Она намыливалась душистым мылом с запахом сандала и чего-то дорогого, неуловимого, терла кожу щеткой до красноты, пока не почувствовала легкую боль. Это была хорошая боль. Боль очищения. Боль, напоминавшая, что она еще жива. Она смыла с себя запах гнилого причала, страх перед Марселем, унижение собственной слабости перед Ребеккой. Но стыд… стыд за то, как она выглядела, за то, что *допустила* такое падение, за слезы на плече Майклсон – этот стыд не смывался. Он въелся глубже грязи.
Обернувшись в пушистый халат невообразимой мягкости (безупречно белый, конечно), Кэролайн вышла в спальню. На низком столике у камина, который сейчас был погашен, стоял поднос.
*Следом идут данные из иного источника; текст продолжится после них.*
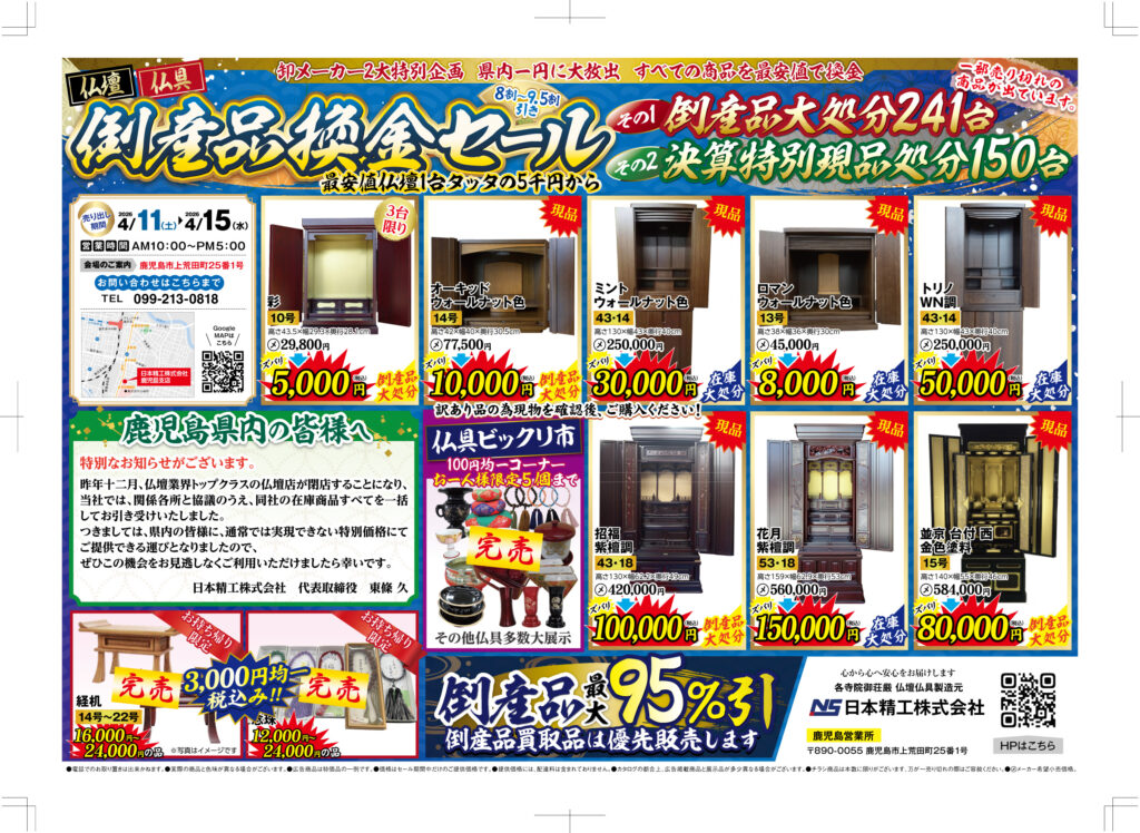 4月11日(土)~4月15日(水)、鹿児島支店にて仏壇・仏具展示会を開催いたします。

Аромат ударил в ноздри, заставив желудок сжаться от голодного спазма, смешанного с легкой тошнотой. Там было все: сочный стейк с кровью, идеально прожаренный, тарелка с экзотическими фруктами, кусок теплого хлеба, графин с темно-красной жидкостью, которая пахла не просто кровью, а *элитной* кровью – насыщенной, чистой. И бутылка воды с ломтиком лимона.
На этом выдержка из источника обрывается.